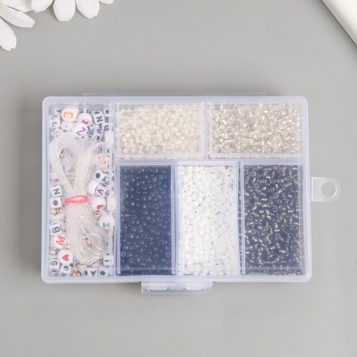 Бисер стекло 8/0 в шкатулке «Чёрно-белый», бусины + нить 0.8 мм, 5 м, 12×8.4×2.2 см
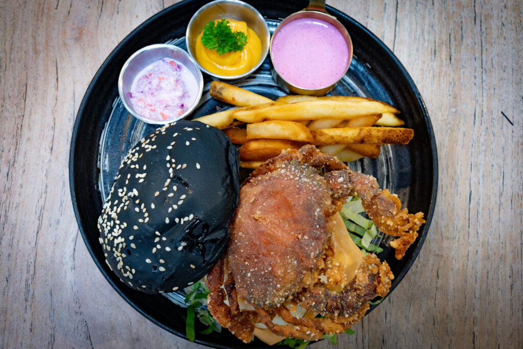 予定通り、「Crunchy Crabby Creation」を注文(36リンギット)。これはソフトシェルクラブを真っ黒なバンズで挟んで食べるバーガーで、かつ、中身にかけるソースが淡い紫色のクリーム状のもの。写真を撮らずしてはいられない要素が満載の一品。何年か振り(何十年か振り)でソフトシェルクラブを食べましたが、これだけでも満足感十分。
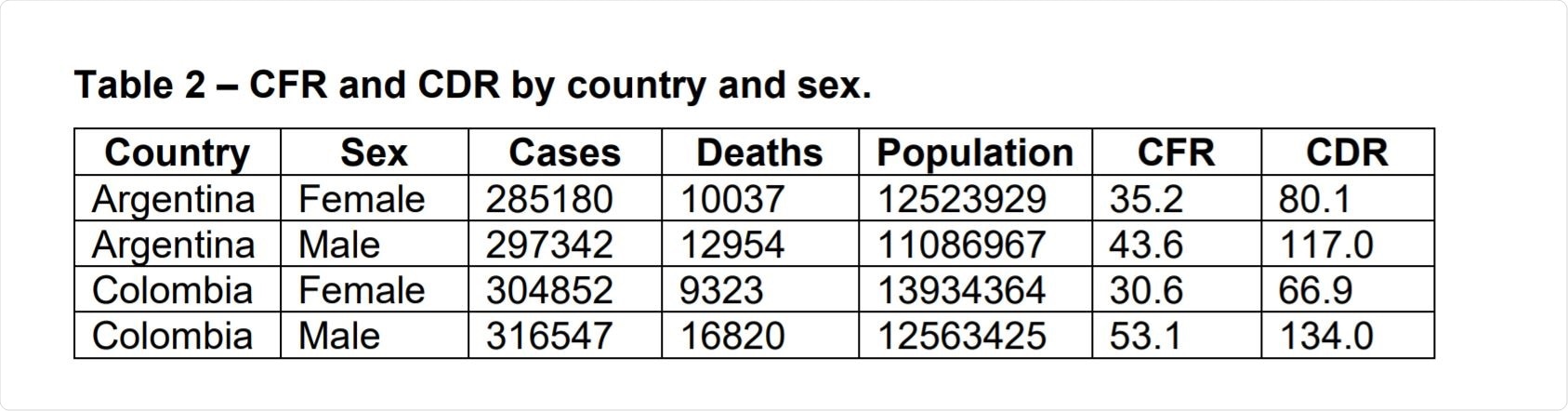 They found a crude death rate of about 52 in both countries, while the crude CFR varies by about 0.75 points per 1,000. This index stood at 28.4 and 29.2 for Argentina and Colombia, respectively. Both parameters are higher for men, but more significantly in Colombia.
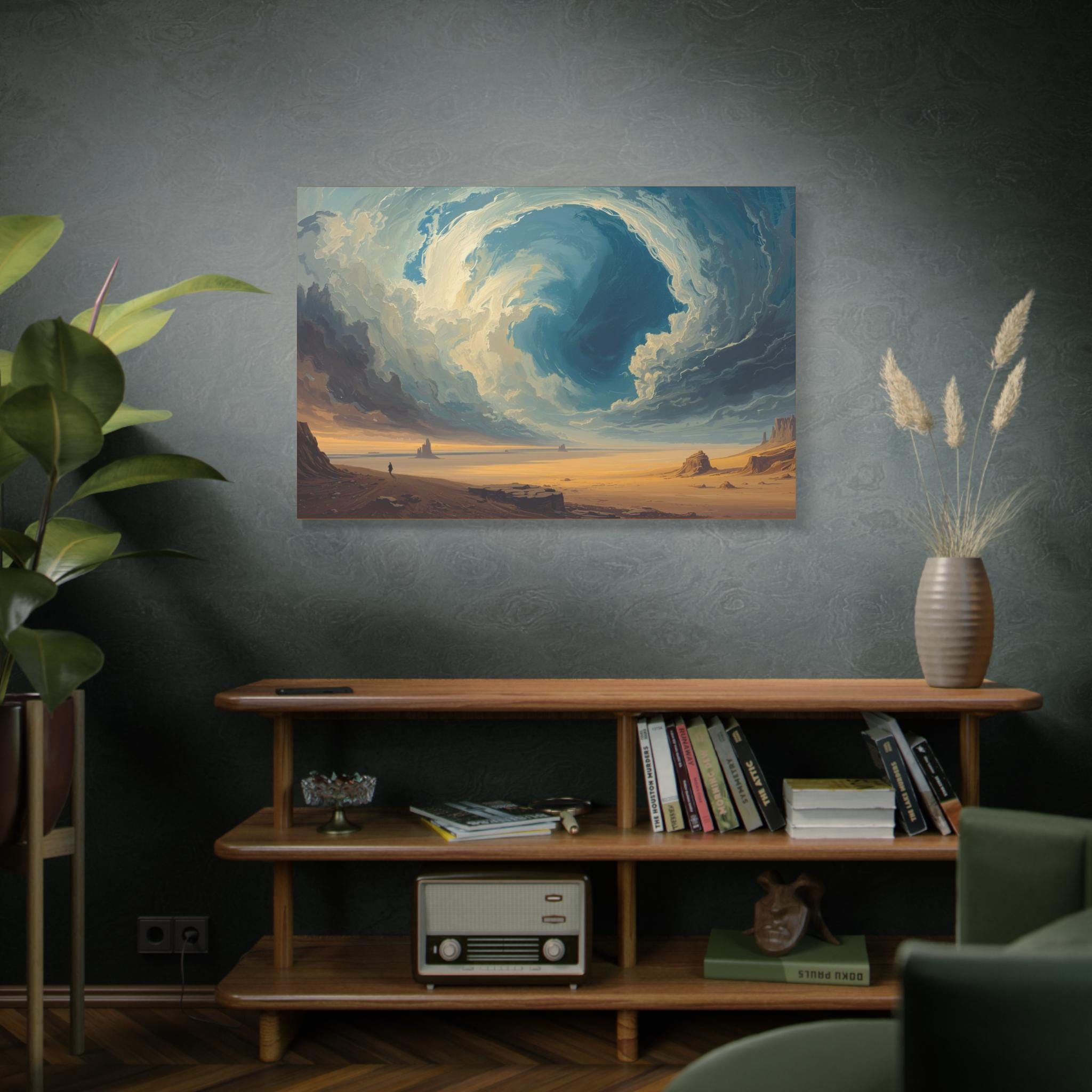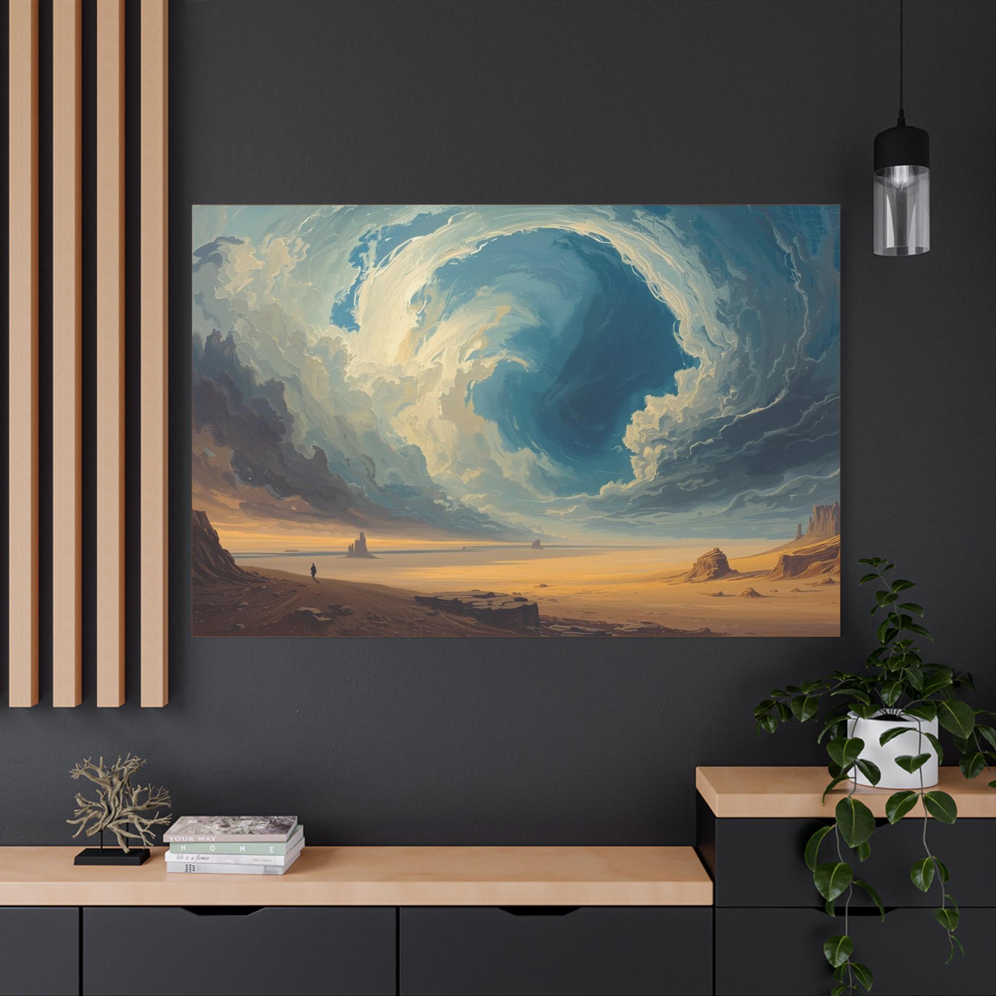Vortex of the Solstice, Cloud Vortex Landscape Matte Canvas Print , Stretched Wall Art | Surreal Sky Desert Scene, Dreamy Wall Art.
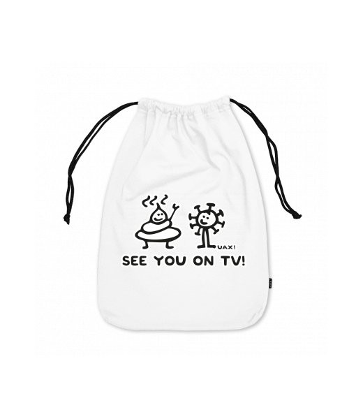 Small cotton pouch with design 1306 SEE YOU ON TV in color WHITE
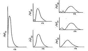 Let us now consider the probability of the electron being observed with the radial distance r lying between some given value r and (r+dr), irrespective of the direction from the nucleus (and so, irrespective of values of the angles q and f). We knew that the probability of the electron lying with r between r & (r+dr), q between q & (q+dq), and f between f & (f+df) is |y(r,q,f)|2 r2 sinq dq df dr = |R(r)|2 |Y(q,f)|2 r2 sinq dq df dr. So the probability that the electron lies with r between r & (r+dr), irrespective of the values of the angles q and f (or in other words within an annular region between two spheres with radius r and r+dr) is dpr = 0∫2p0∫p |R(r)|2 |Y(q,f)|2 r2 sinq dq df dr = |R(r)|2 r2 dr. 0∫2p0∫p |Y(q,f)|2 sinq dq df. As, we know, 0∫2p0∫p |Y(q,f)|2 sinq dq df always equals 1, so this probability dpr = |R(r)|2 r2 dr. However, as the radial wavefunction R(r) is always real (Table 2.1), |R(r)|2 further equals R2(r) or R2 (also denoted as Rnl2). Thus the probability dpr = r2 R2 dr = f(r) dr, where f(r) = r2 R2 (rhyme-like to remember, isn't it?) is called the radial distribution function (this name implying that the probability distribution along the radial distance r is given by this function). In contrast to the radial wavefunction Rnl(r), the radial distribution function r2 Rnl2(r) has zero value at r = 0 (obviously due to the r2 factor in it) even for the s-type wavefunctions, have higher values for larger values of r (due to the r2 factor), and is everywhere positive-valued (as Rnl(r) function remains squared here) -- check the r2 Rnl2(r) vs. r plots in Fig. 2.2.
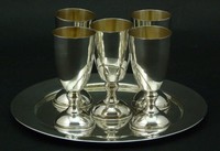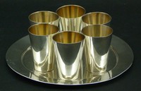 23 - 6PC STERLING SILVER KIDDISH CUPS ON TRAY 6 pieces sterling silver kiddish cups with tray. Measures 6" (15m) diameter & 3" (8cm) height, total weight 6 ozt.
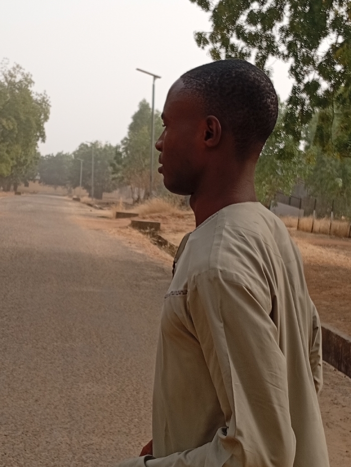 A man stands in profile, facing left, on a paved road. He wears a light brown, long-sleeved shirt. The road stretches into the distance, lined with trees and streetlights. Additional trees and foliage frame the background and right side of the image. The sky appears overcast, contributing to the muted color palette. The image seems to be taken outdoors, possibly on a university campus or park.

◆ Exercise description
Would you repeat the material above exactly, line for line, from its first line to the line with "Small cotton pouch", including both and skipping every picture?

◆ Response to the task
 Бисер стекло 8/0 в шкатулке «Чёрно-белый», бусины + нить 0.8 мм, 5 м, 12×8.4×2.2 см
 予定通り、「Crunchy Crabby Creation」を注文(36リンギット)。これはソフトシェルクラブを真っ黒なバンズで挟んで食べるバーガーで、かつ、中身にかけるソースが淡い紫色のクリーム状のもの。写真を撮らずしてはいられない要素が満載の一品。何年か振り(何十年か振り)でソフトシェルクラブを食べましたが、これだけでも満足感十分。
 They found a crude death rate of about 52 in both countries, while the crude CFR varies by about 0.75 points per 1,000. This index stood at 28.4 and 29.2 for Argentina and Colombia, respectively. Both parameters are higher for men, but more significantly in Colombia.
Vortex of the Solstice, Cloud Vortex Landscape Matte Canvas Print , Stretched Wall Art | Surreal Sky Desert Scene, Dreamy Wall Art.
 Small cotton pouch with design 1306 SEE YOU ON TV in color WHITE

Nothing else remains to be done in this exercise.